What Rob does not see is that Joe has taken up position right behind his chair, the phone cable stretched out behind him. His narrow head is cocked to one side, a deep furrow between his brows. And the whole Jap desk has fallen silent, they're watching their master who has stepped
outside his magic circle and who seems, for possibly the first time ever, to be paying attention to something that's happening outside his Jap bubble. Rob spouts on oblivious, wagging a pencil in one hand until he sees that Al is looking not
at
him, but
behind
him. He stops mid-stream and spins around.

‘All right, Joe,' says Rob. But Joe does not look down, does not even appear to have heard him speak. He takes a step closer, a movement light and tense, as if he might spring up to head a ball at any moment.

‘Al,' says Joe and we all turn to look at Al, whose existence Joe has never acknowledged until this moment.
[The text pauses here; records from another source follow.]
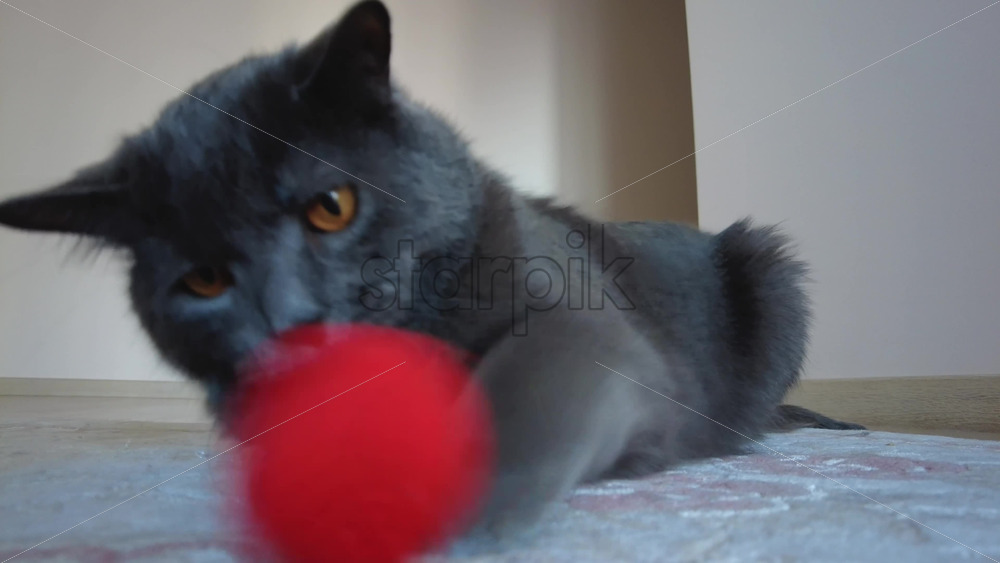 Close up of British Shorthair cat playing on a carpet Royalty Free Stock Video Footage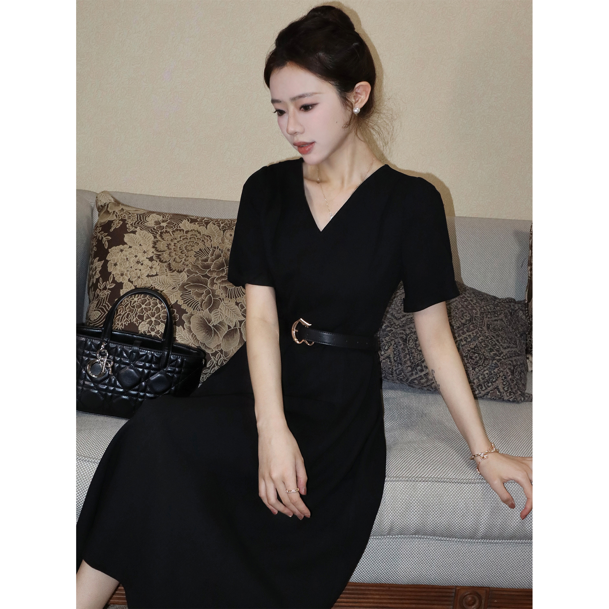邱莹莹 HELA AOMI“醋酯纤维59.1% 仲夏夜颂”赫本风收腰连衣裙女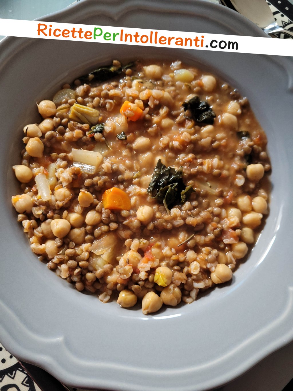 3. Prendete una pentola e versate un filo di olio, fate rosolare una cipolla, quindi unite i legumi, le verdure a tocchetti, il rosmarino e coprite con brodo vegetale caldo.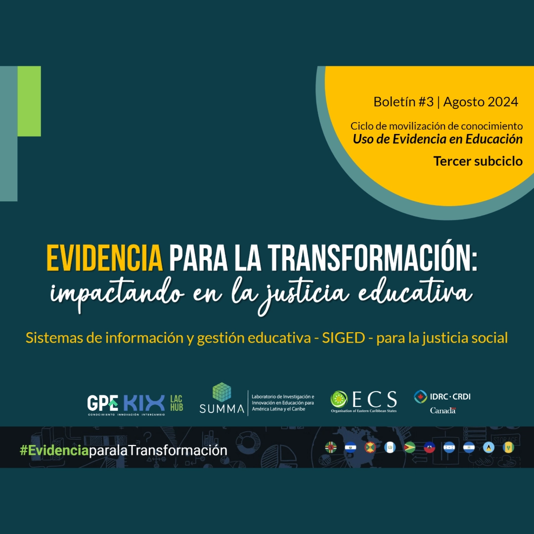 Tercer boletín temático Uso de Evidencia en Educación, publicación elaborada como resultado del Ciclo de movilización de conocimiento y comunidad de práctica KIX LAC «Uso de evidencia en educación», en su tercer subciclo Sistemas de información y gestión educativa – SIGED – para la justicia social.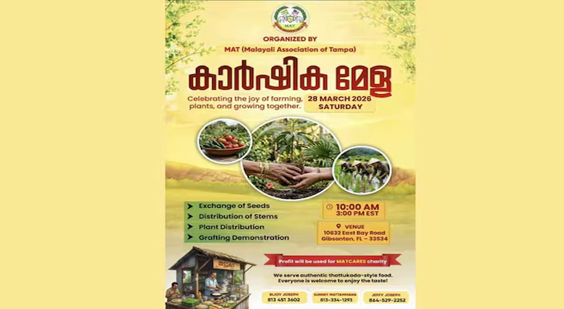 ടാമ്പാ (ഫ്ലോറിഡ): ടാമ്പാ മലയാളികള് ആവേശപൂര്വം കാത്തിരിക്കുന്ന മലയാളി അസോസിയേഷന് ഓഫ് ടാമ്പായുടെ ആഭിമുഖ്യത്തില് നടത്തപ്പെടുന്ന കാര്ഷിക മേള മാര്ച്ച് 28 ശനിയാഴ്ച രാവിലെ 10 മണി മുതല് ആരംഭിക്കുന്നതാണ്.മനസിനും ശരീരത്തിനും ഒരുപോലെ ഉണര്വും ഉന്മേഷവും നല്കുന്ന പച്ചക്കറി, പൂന്തോട്ട പരിപാലനത്തിന് ആവശ്യമായ വിത്തുവിളകളും, പരിശീലനവും കാര്ഷിക വിദഗ്ധരില് നിന്നും ലഭ്യമാണ്.നാടന് രുചി വിഭവങ്ങള് നിങ്ങളുടെ കണ്മുന്നില് തന്നെ ചൂടോടെ തയ്യാറാക്കി നല്കുന്ന ‘തട്ടുകട’ ഈ കാര്ഷിക മേളയുടെ ഒരു പ്രധാന ആകര്ഷണമായിരിക്കും.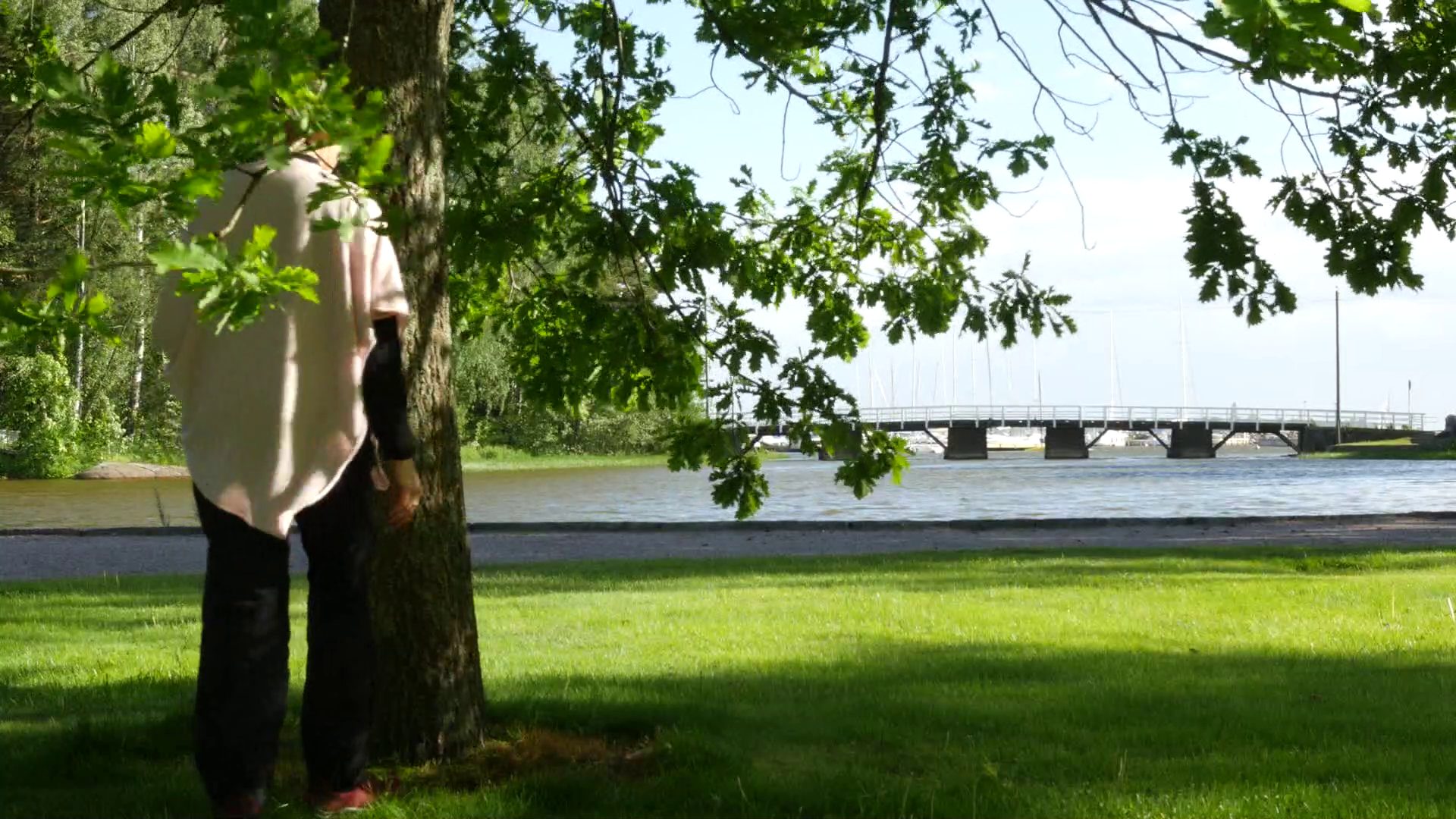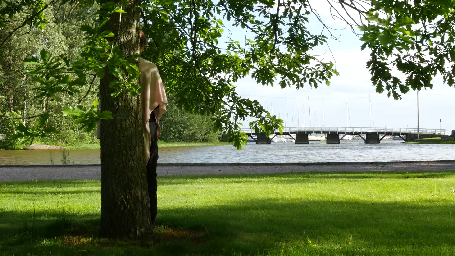 Standing with and leaning against an Oak in Eugen Schauman's Park in Brändö, Helsinki, on Sunday night June 26 as part of the Tree Calendar. Oak in June (8 min 10 sec.) Preparatory attempts are documented in Oak in June - testing (3 min 31 sec.)

The phones flash and click and the Jap traders fan out like a silent chorus behind Joe and it seems like everything has hushed while we wait.

‘You ever see
The Magnificent Seven
, mate?' asks Joe.

‘Yul Brynner?' Al slides his hands into his pockets as if bracing himself for a remark that could topple him. ‘Yeah, sure.' Joe nods gravely and Al grins, emboldened. ‘“In this line of work, we are not all alike. Some care nothing about money. Others, for reasons of their own, enjoy only the danger.”'

‘“And the competition?”' shoots Joe.

‘“If he is the best with a knife and a gun, with whom does he compete?”'

‘“Himself.”'

We wait expectant but the impromptu theatre has ended. Joe steps a little closer, now he is right by Rob's chair. ‘So you know what happened in the end?' his voice soft, his bright eyes trained on Al as if he is fixing prey.

‘Sure,' says Al, affecting nonchalance with a shoulder shrug. ‘They saved the village.'

‘And how exactly did they do that?'

‘How?' Al repeats, stalling. At Columbia they teach you to avoid stating the obvious, or at the very least to know when the obvious is exactly what is required. And so Al buys time while he scans through the range of permutations, wondering if this is just such a moment and
if his reputation, which is – let's face it – not exactly hitting the high-water mark, could be rescued or destroyed in an exchange that has all the feel of a gun-slinging showdown. It's a binary outcome and the scent of a virtual humiliation is in the air. We are hanging by a thread here.